Charles Butler KC (14 August 1750 - 2 June 1832) was an English Roman Catholic lawyer and miscellaneous writer.

==Biography==
Charles Butler was born in London, the son of James Butler, a nephew of Alban Butler. He was educated at Douai. In 1769 he became apprenticed to the conveyancer John Maire, and subsequently (on Maire's death in 1773) to Matthew Duane. In 1775 he set up his own conveyancing practice and entered Lincoln's Inn. He edited, with Francis Hargrave, Coke upon Lyttleton, published in 1775. Peter Bellinger Brodie was one of his students.

A 1777 pamphlet supporting naval impressments won him the patronage of John Montagu, 4th Earl of Sandwich, but Butler withdrew from general political activity to press for Catholic relief.
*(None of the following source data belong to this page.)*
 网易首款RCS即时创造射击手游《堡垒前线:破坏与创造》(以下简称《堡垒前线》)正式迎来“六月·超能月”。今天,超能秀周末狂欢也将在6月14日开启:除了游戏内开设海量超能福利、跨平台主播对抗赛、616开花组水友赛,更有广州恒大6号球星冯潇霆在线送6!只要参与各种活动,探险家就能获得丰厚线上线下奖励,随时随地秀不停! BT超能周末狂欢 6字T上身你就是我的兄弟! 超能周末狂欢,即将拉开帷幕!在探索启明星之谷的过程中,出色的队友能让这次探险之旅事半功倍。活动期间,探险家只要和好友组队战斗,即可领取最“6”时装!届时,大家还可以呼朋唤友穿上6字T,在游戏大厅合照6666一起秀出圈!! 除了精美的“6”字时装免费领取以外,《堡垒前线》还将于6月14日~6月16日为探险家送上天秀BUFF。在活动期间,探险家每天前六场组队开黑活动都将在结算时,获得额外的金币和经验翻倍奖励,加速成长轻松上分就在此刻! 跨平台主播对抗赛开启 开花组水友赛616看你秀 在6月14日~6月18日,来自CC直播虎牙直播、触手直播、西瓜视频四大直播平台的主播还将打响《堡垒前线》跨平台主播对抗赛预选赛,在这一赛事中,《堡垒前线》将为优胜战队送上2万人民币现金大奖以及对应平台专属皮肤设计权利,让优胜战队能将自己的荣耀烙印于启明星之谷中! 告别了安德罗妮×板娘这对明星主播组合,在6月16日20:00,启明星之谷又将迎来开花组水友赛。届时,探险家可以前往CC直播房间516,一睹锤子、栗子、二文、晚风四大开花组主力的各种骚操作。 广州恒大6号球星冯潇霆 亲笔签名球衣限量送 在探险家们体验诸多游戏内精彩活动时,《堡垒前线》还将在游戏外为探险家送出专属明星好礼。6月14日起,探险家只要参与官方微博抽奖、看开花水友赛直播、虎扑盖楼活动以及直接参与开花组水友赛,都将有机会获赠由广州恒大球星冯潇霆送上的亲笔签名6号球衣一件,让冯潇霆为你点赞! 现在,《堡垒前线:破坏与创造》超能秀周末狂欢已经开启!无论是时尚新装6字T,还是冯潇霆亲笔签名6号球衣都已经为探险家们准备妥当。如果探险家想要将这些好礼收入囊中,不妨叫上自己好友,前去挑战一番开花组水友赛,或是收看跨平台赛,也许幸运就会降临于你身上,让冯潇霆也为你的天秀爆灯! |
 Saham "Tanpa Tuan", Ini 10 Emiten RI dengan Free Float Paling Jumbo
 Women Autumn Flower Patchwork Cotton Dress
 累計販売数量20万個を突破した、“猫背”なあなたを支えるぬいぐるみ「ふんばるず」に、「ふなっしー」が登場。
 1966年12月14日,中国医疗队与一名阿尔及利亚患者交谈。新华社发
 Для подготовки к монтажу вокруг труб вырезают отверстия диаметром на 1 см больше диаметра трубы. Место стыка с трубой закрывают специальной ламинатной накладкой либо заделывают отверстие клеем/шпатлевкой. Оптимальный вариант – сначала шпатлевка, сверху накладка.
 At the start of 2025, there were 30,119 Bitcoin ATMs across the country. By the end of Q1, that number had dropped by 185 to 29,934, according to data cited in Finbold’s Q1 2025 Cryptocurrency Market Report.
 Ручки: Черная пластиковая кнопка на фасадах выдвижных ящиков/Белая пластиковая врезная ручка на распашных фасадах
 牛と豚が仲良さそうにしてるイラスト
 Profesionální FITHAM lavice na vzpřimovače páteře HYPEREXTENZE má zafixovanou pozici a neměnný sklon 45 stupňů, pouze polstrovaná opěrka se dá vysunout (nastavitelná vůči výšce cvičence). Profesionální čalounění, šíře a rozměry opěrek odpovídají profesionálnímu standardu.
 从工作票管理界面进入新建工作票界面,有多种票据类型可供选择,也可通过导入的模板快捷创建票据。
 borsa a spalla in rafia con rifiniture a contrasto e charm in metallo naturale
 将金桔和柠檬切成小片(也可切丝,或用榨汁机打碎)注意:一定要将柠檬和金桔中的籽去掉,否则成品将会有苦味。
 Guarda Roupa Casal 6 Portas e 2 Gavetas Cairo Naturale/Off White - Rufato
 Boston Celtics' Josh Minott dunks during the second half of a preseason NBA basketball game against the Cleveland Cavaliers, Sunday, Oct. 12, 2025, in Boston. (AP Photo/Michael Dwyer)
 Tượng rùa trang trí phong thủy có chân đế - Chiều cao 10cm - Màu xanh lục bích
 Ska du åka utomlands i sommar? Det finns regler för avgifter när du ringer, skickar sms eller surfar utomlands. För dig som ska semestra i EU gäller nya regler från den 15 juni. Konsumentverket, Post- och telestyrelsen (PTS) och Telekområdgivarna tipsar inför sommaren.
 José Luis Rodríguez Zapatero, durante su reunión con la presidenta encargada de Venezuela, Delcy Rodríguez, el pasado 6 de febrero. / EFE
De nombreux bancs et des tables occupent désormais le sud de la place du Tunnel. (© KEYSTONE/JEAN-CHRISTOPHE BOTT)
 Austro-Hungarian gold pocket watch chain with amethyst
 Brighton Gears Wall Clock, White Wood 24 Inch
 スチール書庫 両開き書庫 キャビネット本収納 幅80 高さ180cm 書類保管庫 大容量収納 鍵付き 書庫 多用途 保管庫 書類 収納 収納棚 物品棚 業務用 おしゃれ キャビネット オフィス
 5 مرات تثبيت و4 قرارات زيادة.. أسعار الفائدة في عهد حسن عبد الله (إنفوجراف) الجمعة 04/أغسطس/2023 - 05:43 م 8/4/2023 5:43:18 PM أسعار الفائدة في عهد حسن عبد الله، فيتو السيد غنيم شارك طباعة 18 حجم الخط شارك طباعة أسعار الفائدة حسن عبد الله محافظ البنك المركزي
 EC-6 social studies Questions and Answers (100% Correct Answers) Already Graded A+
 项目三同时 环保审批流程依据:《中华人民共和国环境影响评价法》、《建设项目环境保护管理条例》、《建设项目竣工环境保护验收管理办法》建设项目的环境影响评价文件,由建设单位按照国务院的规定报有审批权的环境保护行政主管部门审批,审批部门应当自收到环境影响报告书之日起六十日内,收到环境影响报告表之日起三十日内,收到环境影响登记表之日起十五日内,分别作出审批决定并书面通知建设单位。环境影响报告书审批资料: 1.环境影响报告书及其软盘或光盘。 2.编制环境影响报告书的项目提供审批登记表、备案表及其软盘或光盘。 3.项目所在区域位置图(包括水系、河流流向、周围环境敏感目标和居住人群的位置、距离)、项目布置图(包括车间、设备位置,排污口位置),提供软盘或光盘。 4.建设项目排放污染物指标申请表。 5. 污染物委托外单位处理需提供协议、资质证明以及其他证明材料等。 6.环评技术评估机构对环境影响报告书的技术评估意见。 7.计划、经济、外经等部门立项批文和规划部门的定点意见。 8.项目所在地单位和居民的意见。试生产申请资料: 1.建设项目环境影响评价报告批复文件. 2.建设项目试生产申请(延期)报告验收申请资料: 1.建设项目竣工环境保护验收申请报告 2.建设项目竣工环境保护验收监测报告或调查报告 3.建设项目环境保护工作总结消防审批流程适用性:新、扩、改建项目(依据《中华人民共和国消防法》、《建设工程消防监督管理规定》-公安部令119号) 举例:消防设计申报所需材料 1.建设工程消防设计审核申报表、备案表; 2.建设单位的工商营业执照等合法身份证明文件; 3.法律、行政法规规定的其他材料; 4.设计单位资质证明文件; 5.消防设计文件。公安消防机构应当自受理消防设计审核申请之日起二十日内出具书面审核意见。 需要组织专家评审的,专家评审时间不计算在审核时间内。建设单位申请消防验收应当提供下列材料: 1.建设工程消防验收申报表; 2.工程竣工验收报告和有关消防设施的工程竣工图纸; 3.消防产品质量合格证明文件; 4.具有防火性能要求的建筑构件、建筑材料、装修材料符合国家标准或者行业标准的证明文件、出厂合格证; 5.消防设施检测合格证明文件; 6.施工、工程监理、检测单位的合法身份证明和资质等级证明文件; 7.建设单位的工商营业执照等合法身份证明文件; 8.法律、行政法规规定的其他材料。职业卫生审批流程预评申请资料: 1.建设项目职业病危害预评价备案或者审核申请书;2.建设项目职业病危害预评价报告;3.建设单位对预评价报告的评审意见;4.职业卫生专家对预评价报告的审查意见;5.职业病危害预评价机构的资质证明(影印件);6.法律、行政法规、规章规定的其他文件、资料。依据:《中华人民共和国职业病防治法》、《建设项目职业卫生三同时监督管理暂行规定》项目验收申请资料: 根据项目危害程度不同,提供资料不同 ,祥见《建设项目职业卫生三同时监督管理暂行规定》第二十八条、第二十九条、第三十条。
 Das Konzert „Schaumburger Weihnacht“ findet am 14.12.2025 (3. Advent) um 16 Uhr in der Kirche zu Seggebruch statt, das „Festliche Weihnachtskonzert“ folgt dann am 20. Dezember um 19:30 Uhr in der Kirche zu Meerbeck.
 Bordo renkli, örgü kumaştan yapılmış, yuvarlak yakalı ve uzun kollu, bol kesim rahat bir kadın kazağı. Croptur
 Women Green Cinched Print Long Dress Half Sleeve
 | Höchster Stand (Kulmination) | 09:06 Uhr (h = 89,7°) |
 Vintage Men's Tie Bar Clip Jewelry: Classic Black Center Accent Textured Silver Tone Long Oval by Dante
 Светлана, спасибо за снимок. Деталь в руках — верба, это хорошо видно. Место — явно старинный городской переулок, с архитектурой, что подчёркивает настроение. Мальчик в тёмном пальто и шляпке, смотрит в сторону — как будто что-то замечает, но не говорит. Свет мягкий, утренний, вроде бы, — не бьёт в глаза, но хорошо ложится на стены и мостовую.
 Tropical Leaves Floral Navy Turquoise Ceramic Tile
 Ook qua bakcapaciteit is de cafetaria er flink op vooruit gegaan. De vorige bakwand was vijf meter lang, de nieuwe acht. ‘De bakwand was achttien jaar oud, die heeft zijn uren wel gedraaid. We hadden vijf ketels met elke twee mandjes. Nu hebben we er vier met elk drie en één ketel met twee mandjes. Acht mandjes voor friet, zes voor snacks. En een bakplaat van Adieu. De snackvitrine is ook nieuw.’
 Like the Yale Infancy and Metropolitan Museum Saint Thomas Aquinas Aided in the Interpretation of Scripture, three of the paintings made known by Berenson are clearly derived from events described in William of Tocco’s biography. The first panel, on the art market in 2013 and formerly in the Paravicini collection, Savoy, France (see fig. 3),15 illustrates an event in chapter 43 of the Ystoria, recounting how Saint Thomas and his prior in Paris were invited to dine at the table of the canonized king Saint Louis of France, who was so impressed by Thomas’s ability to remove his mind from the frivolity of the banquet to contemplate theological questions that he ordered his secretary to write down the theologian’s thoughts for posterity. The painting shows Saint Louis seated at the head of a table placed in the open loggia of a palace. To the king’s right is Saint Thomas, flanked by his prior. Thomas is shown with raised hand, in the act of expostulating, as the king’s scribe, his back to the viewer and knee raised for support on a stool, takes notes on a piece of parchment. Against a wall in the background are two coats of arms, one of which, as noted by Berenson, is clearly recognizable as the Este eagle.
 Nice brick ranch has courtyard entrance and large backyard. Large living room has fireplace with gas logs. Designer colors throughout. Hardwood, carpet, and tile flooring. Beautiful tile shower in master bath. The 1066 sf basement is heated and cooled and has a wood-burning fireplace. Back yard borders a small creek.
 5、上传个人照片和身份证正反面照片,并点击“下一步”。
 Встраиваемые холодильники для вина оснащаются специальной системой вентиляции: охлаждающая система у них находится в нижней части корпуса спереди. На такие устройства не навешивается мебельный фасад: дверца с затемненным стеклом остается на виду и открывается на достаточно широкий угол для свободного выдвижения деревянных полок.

Secretary of the Catholic Committee from 1782, he was appointed by them to draft a new relief bill in 1788: despite controversy within the English Catholic community over the extent to which the Catholic condition should be assimilated to that of Protestant dissenters, a bill passed on 24 June 1791. In 1792 Butler helped found the Cisalpine Club "to resist any ecclesiastical interference which may militate against the freedom of English Catholics". Relations between cisalpine Catholics, minimising the authority of the Pope over English Catholics, and vicars apostolic (especially Butler's long-time opponent John Milner) were strained; in 1807 a Catholic Board was formed after efforts to repair relations, but Milner would censure Butler in 1822 as 'a rebel to ecclesiastical authority and a public sinner'.

He had considerable practice as a conveyancer, and after the passing of the Roman Catholic Relief Act 1791 was the first Catholic to be called to the bar since 1688. His only appearance at the bar was in Cholmondeley v. Clinton at the House of Lords, which set a precedent for judgements on land removal. In 1832 he took silk, and was made a bencher of Lincoln's Inn.

==Marriage==
Butler married Mary Eyston in 1776; they had one son (who died young) and two daughters.

==Works==
His literary activity was enormous, and the number of his published works comprises about fifty volumes. The most important of them are:
- Reminiscences (1821-1827)
- Horae Biblicae (1797), which passed through several editions
- Horae Juridicae Subsecivae (1804)
- Book of the Roman Catholic Church (1825), which was directed against Southey and excited some controversy
- lives of Erasmus, Grotius, Bossuet, Fénelon
He also edited and completed the Lives of the Saints of his uncle, Alban Butler, Fearne's Essay on Contingent Remainders and Hargrave's edition of Coke upon Littleton's Laws of England (1775).

A complete list of Butler's works is contained in Joseph Gillow's Bibliographical Dictionary of English Catholics, vol. i. pp. 357–364.